In an action to recover damages for personal injuries, the defendants I. Gold Corp., doing business as I. Gold & Sons, Abinal Pinero, and Monroe Truck Leasing appeal from a judgment of the Supreme Court, Kings County (Knipel, J.), dated November 13, 2007, which, upon remittitur from this Court limited to a new trial on the issue of damages for future medical expenses (Roman v I. Gold Corp., 35 AD3d 833 [2006]), and upon a jury verdict finding that the plaintiff sustained damages for future medical expenses in the principal sum of $306,200, and upon the denial of their motion pursuant to CPLR 4404 (a) to set aside the verdict and for judgment as a matter of law or, in the alternative, to set aside the verdict as contrary to the weight of the evidence and for a new trial, is in favor of the plaintiff and against them, as reduced pursuant to Insurance Law § 5104, in the principal sum of $264,938.43.
Ordered that the judgment is affirmed, with costs.

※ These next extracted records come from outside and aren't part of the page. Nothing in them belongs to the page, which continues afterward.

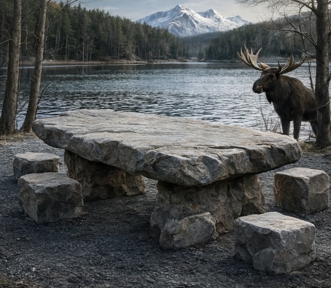 natuursteen uit de Noorse bergen. U kiest een tafel op basis van vorm, afmeting en karakter, elke steen is uniek en onherhaalbaar.
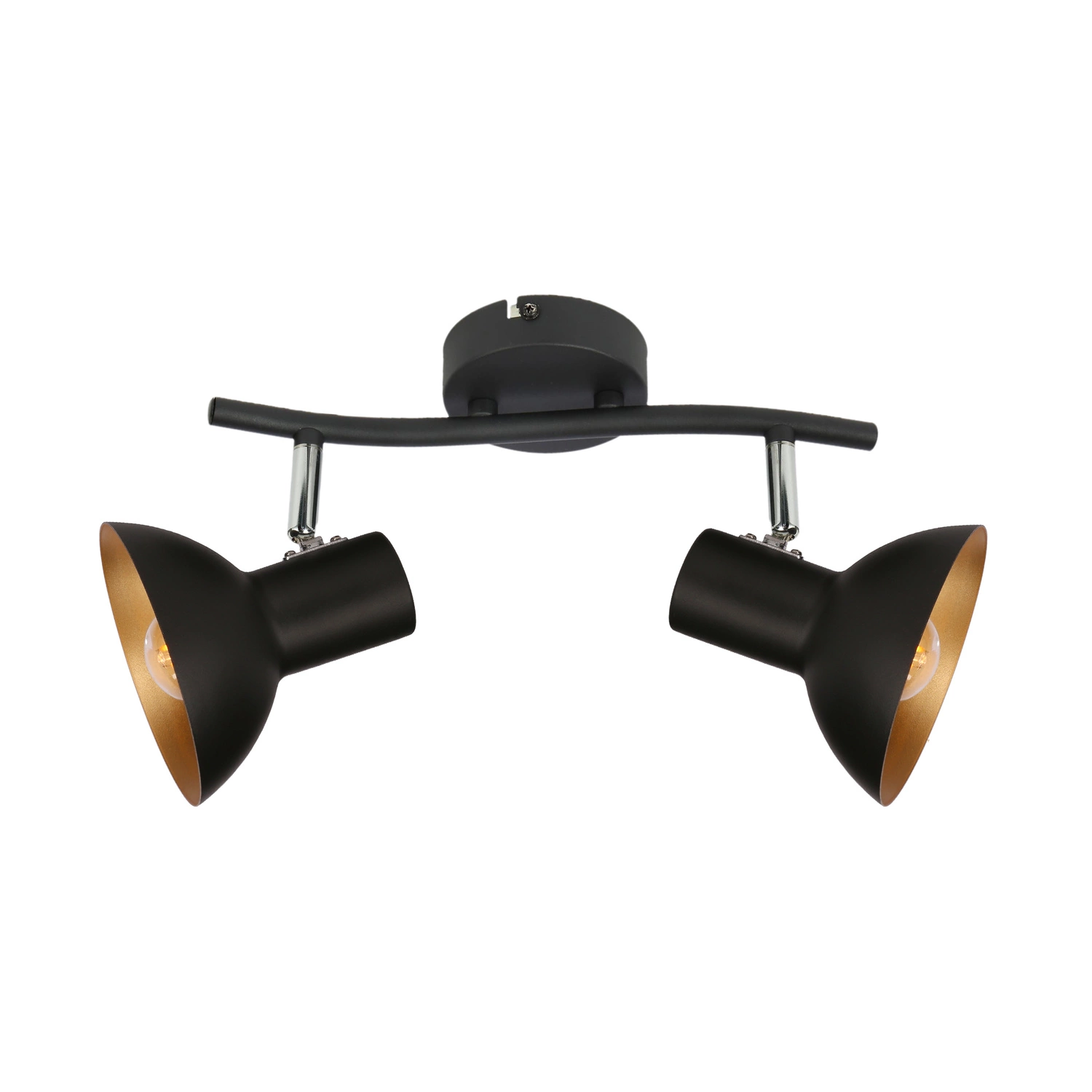 DISO 92-63427 to nowoczesna lampa sufitowa z dwoma źródłami światła. Wykonana została z wysokiej jakości metalu w kolorze czarno-złotym z chromowymi detalami. Lampa posiada dwa rozłożyste klosze osadzone na ruchomych przegubach, które dają możliwość regulacji kąta padania światła. Oprawa będzie idealnym wyborem do nowoczesnych wnętrz. Doskonale będzie się prezentować w: salonie, jadalni, sypialni, pokoju młodzieżowym, gabinecie, biurze, lokalu, przedpokoju, korytarzu. Wysokość lampy to: 20 cm, szerokość 38 cm, głębokość 12 cm. Źródłem światła jest żarówka typu E27 o mocy max 40W w ilości 2 szt.
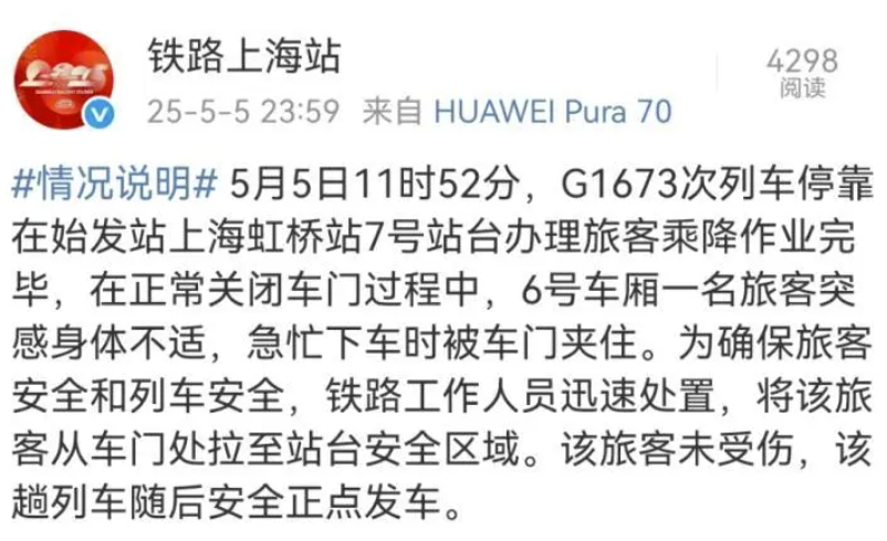 5月5日,網(wǎng)傳上海虹橋高鐵站又現(xiàn)“女子阻礙高鐵關(guān)門”事件。視頻顯示,有目擊者稱,女子此舉是為了等后面的老太太。當日深夜,“@鐵路上海站”通報稱,當事旅客因突感身體不適,急忙下車時被門夾住,工作人員迅速將其拉至安全區(qū)域。該旅客未受傷,該趟列車隨后安全正點發(fā)車。通報發(fā)出后,多數(shù)網(wǎng)民表示理解,但也有網(wǎng)民并不認同上海鐵路方的處理方式,認為如果以后都可以用這些理由,會引發(fā)更多人效仿。
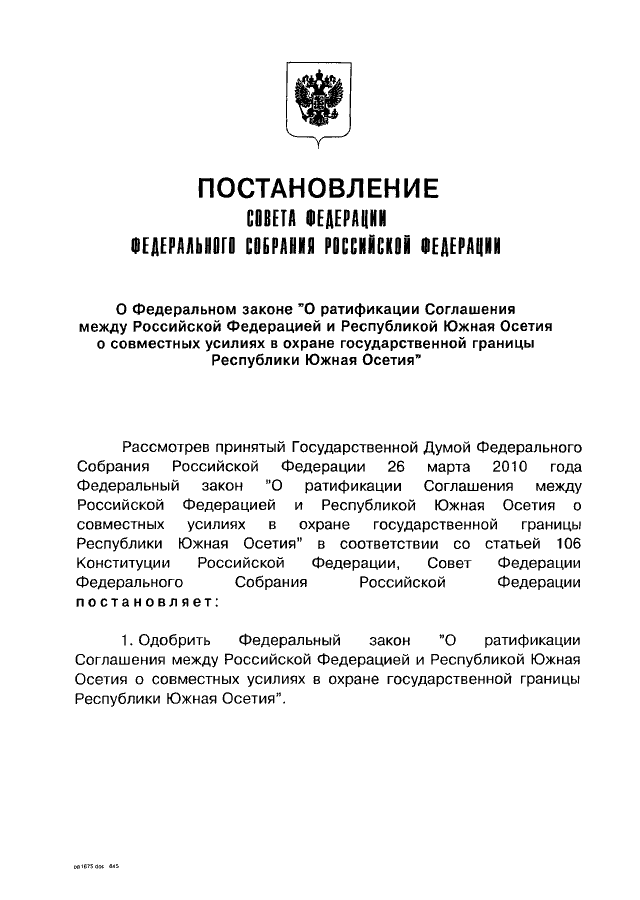 "О ФЕДЕРАЛЬНОМ ЗАКОНЕ "О РАТИФИКАЦИИ СОГЛАШЕНИЯ МЕЖДУ РОССИЙСКОЙ ФЕДЕРАЦИЕЙ И РЕСПУБЛИКОЙ ЮЖНАЯ ОСЕТИЯ О СОВМЕСТНЫХ УСИЛИЯХ В ОХРАНЕ ГОСУДАРСТВЕННОЙ ГРАНИЦЫ РЕСПУБЛИКИ ЮЖНАЯ ОСЕТИЯ"
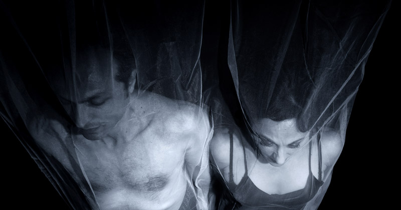 The performance focuses exclusively in the main characters of the story who surrendered to the ambitious vision of power, they decide to kill the king in order to take his place. Through obsessive wavering and violent battles, Macbeth and Lady take the fatal act which will elevate them to the highest achievement and at the same time banish them to the desert that lurking Furies are preying. Like twin Evil incarnations they fall onto a desperate seek of meaning, they follow the blooded thread that leads the satisfaction of the deepest desire to the abortion of completition itself, to madness, to loneliness and eventually to death.
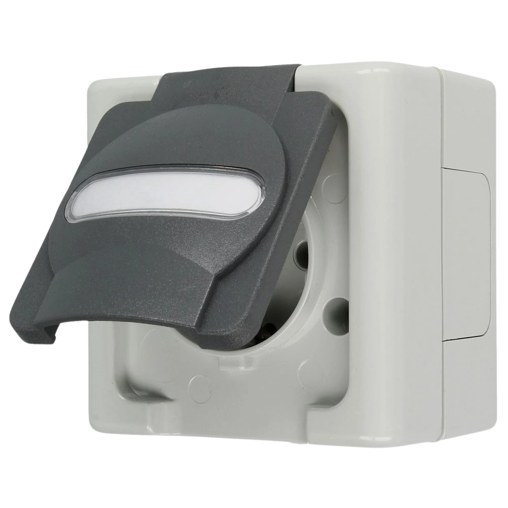 La presa con contatto di terra con chiusura è adatta per locali umidi e contiene una targhetta illuminata. Un montaggio verticale e orizzontale è possibile. I materiali usati sono privi di alogeno e PVC e resistente ai chimici...
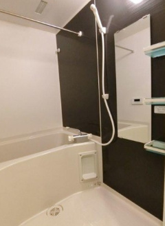 ツートンカラーのスタイリッシュな浴室です。トイレと浴室が別々の空間に分かれているため、湿気や臭いの問題も軽減されます。また、シャワーだけでなく湯船に浸かることもでき、リラックスした時間を過ごせるのも魅力です。
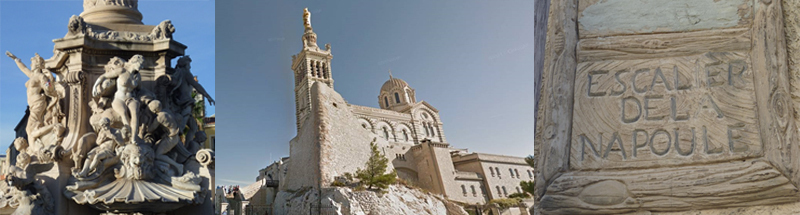 Vous aurez, par la suite, à traverser le quartier du Roucas par une enfilade de petites rues étroites et sinueuses, de traverses, et d’escaliers pentus. Ce sera l’occasion d’observer les Villas et Folies construites au 19ème siècle par les riches familles industrielles et commerçantes marseillaises, dans les jardins desquelles s’exprimait l’art de la Rocaille, en particulier la villa Santa Luccia, en haut de l’éprouvante Montée de la Napoule (que vous vous contenterez de descendre !).

Before granting a motion pursuant to CPLR 4404 (a) to set aside a verdict and for judgment as a matter of law, the trial court must conclude that there is “simply no valid line of reasoning and permissible inferences which could possibly lead *1137rational [people] to the conclusion reached by the jury on the basis of the evidence at trial” (Cohen v Hallmark Cards, 45 NY2d 493, 499 [1978]; see Firmes v Chase Manhattan Auto. Fin. Corp., 50 AD3d 18, 29 [2008]). Here, there is a rational view of the evidence that supports the jury’s award for future medical expenses (see Ayala v Lindy’s Dispatching, Inc., 54 AD3d 699, 700 [2008]; White v Kim, 29 AD3d 685 [2006]; Martelli v City of New York, 219 AD2d 586 [1995]). Moreover, the jury’s award for future medical expenses was based upon a fair interpretation of the evidence, and thus, was not contrary to the weight of the evidence (see Scibelli v Eugene G. Herman, D.M.D., P.C., 49 AD3d 627 [2008]; Nicastro v Park, 113 AD2d 129, 134 [1985]). Skelos, J.P., Fisher, Belen and Lott, JJ., concur.